Morey was once a pro in two sports, golf and basketball. He played the golf circuit as a youngster but quit to play basketball with the Anderson Packers after he shot his best round, a 64 in the Montgomery Open, and Ben Hogan came in with a 63. A few years later he regained his amateur status in golf.
Morey and Tutwiler were paired in the semifinals on Friday and caution seemed to be Morey's style. He had gauged the course with a measuring wheel to get the exact yardages to the greens and gave Tutwiler a copy of the information before the tournament. "Now he wants it back," Tut said.

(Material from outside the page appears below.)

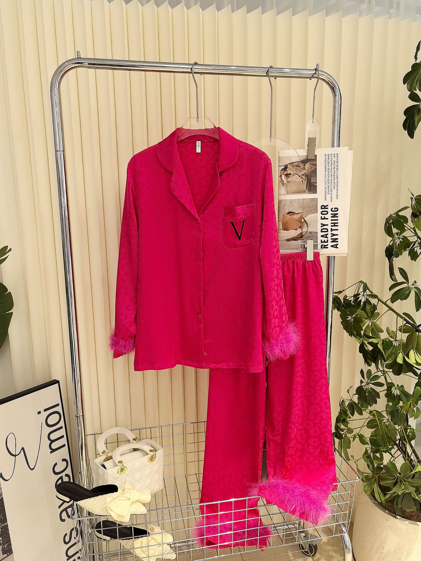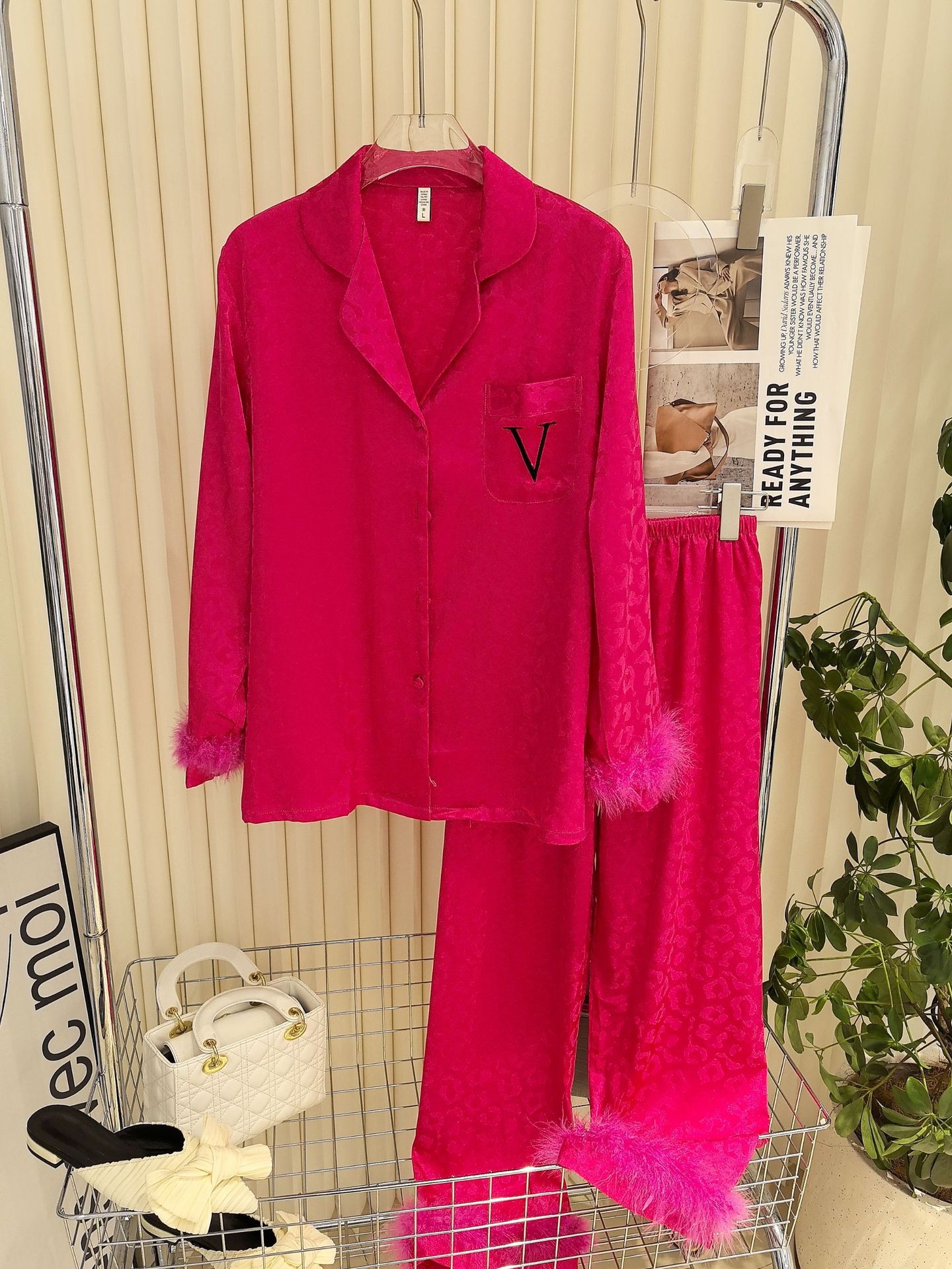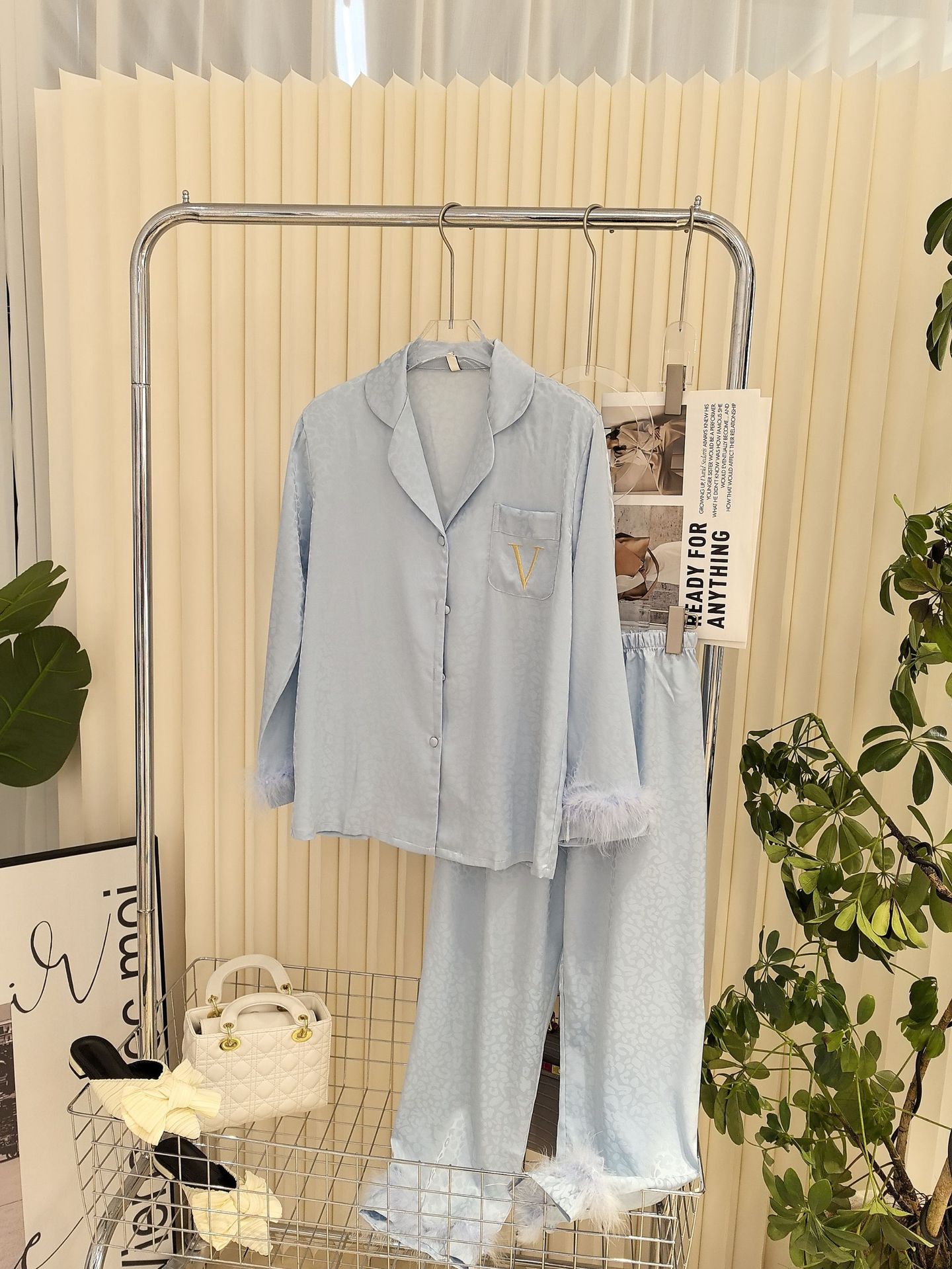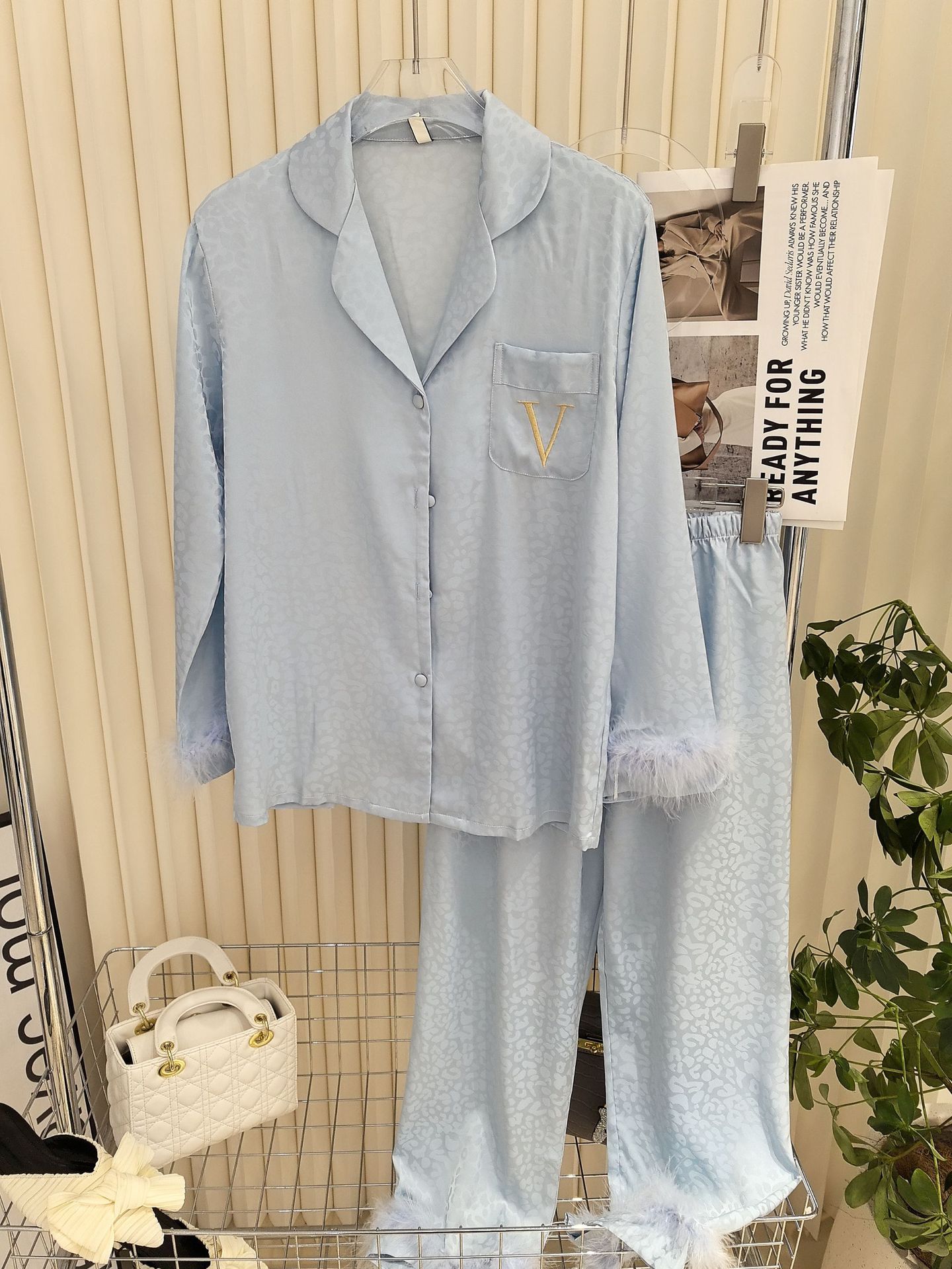 아이스 실크 잠옷 여성의 봄과 여름 플러스 사이즈 얇은 느슨한 표범 깃털 긴 소매 바지 달콤한 세트 입을 수 있습니다

The match was close until the 15th hole, where Morey saved a par with a dandy chip and Tutwiler three-putted to lose a hole he seemed certain to win. Morey went on to register a 3 and 2 victory, then graciously drove Tutwiler to the airport. "I wouldn't mind driving all of them there," he said.

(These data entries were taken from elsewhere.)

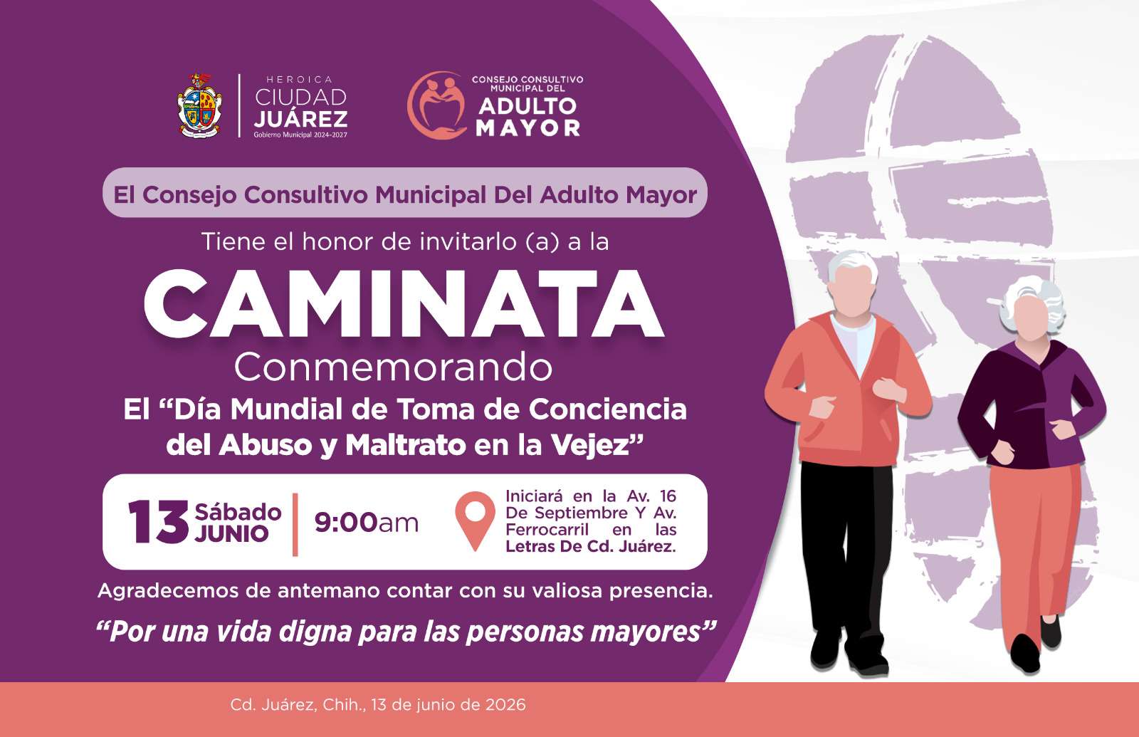 Ciudad Juárez.- El Consejo Consultivo Municipal del Adulto Mayor (CCAM), llevará a cabo el próximo sábado 13 de junio la caminata de concientización, en el marco del Día Mundial de Toma de Conciencia del Abuso y Maltrato a la Vejez.
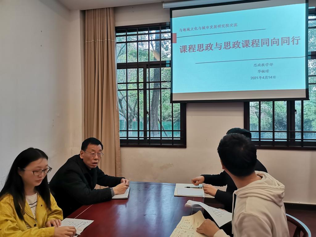 全面推进课程思政建设是落实立德树人根本任务的战略举措,是全面提高人才培养质量的重要任务。为进一步推进我部门课程思政建设工作,充分发挥课堂主渠道、主阵地在高校思想政治工作中的作用,提升课程思政育人实效,地域文化与城市发展研究院在4月初集体学习我校《关于印发<课程思政建设工作实施方案(试行)>的通知》(移通委〔2020〕32号)等文件的基础上,于4月14日召开全面推进课程思政工作会议,邀请思政教学部毕毓璟老师做专题讲座,展开深入交流座谈。
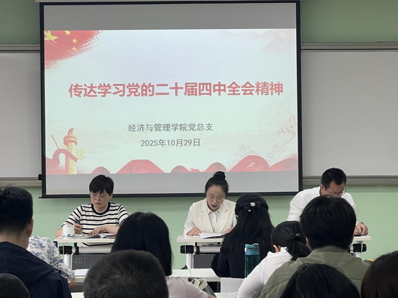 為深入學(xué)習(xí)貫徹黨的二十屆四中全會(huì)精神,切實(shí)把全院黨員干部師生的思想和行動(dòng)統(tǒng)一到全會(huì)精神上來(lái),10月29日,經(jīng)濟(jì)與管理學(xué)院召開(kāi)專題學(xué)習(xí)會(huì),黨總支書記陳慧主持會(huì)議并傳達(dá)全會(huì)核心要義,全體教師參加會(huì)議。
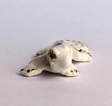 Suchen Sie nach etwas wirklich Extravagantem für Ihre Sammlung? Dann ist unser dicker dunkelrosa Gekko mit goldenen Augen und einem goldenen Schwanz genau das Richtige für Sie! Handbemalt und mit einer Größe von nur 2 cm, ist er der Hingucker in jedem Raum.

Oehmig moved into the final with a victory over the gloriously euphorious Norando Nannini of Chicago that was almost as much the result of luck as of skill. On the 17th, Oehmig was faced with an exceedingly difficult pitch shot, but his ball had landed near a flight of wooden steps leading down into a bunker and he was given a free drop that moved him up onto the fringe of the green. He went on to win two up.

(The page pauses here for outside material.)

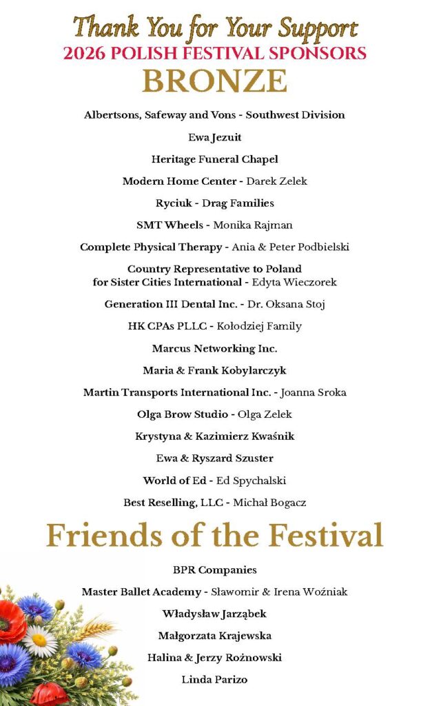 Your participation as a sponsor or supporter is vital to the success of our festival. Over the years, we have been fortunate to receive funding from esteemed businesses and organizations like yours, allowing us to create a warm and inviting atmosphere for the entire community. By joining us as a sponsor, your brand will be prominently featured in our festival materials, including our official program book, promotional materials, and social media channels, ensuring that thousands of attendees recognize your commitment to celebrating Polish heritage.
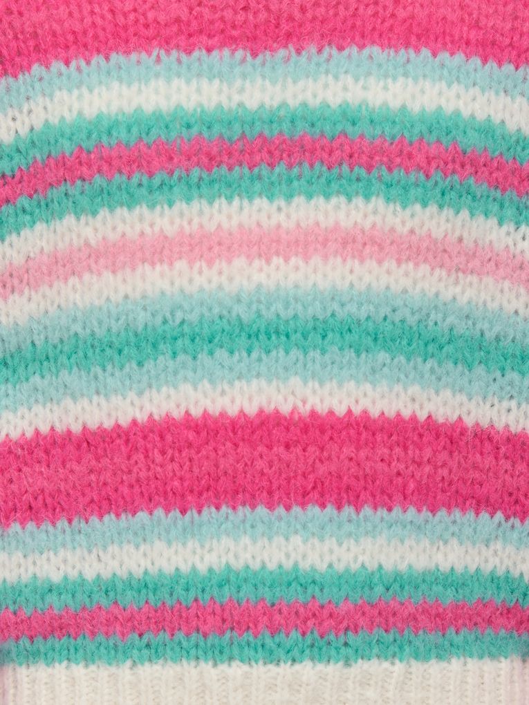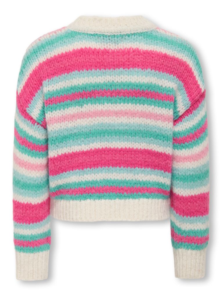 Dieser farbenfrohe Pullover von Kids Only ist ein echtes Highlight für modebewusste Mädchen und Teenager. Das auffällige Streifenmuster bringt sofort frischen Wind in jeden Look – perfekt für Schule, Freizeit und gemütliche Nachmittage. Die weiche Haptik sorgt dabei für ein angenehmes Tragegefühl, während die kräftigen Farben den Pullover zum Lieblingsstück machen.

The bane of Morey's game is a duck hook, a deadly fault on a course like Harbour Town. But throughout the week he controlled his driver, and his confidence surged in the final against Oehmig. He birdied the first two par-5s, hitting a pair of solid wood shots at each, and regularly outdrove Oehmig by as much as 30 yards. At the turn, Morey's lead was three up, but by virtue of some minor miracles like a chip-in at the 12th hole, Oehmig managed to trail by only a hole going to the 14th. There, something happened that canceled whatever good fortune the banker may have enjoyed against Nannini. Oehmig was on the edge of the green, preparing to chip when he grounded his club in what was clearly defined as a hazard. He instantly realized his error, looking like a man who had just snubbed a stop sign and then caught sight of a police car a few feet away. He lost the hole, and the next, and the next, and Morey won 4 and 2.
The triumph was sublime for the man from High Point. It was his first national title, although he had come close in the 1953 U.S. Amateur when victory had been snatched from him by Gene Littler's 40-foot putt on the last hole. Now, 21 years later, he had proved that you are never too old to win.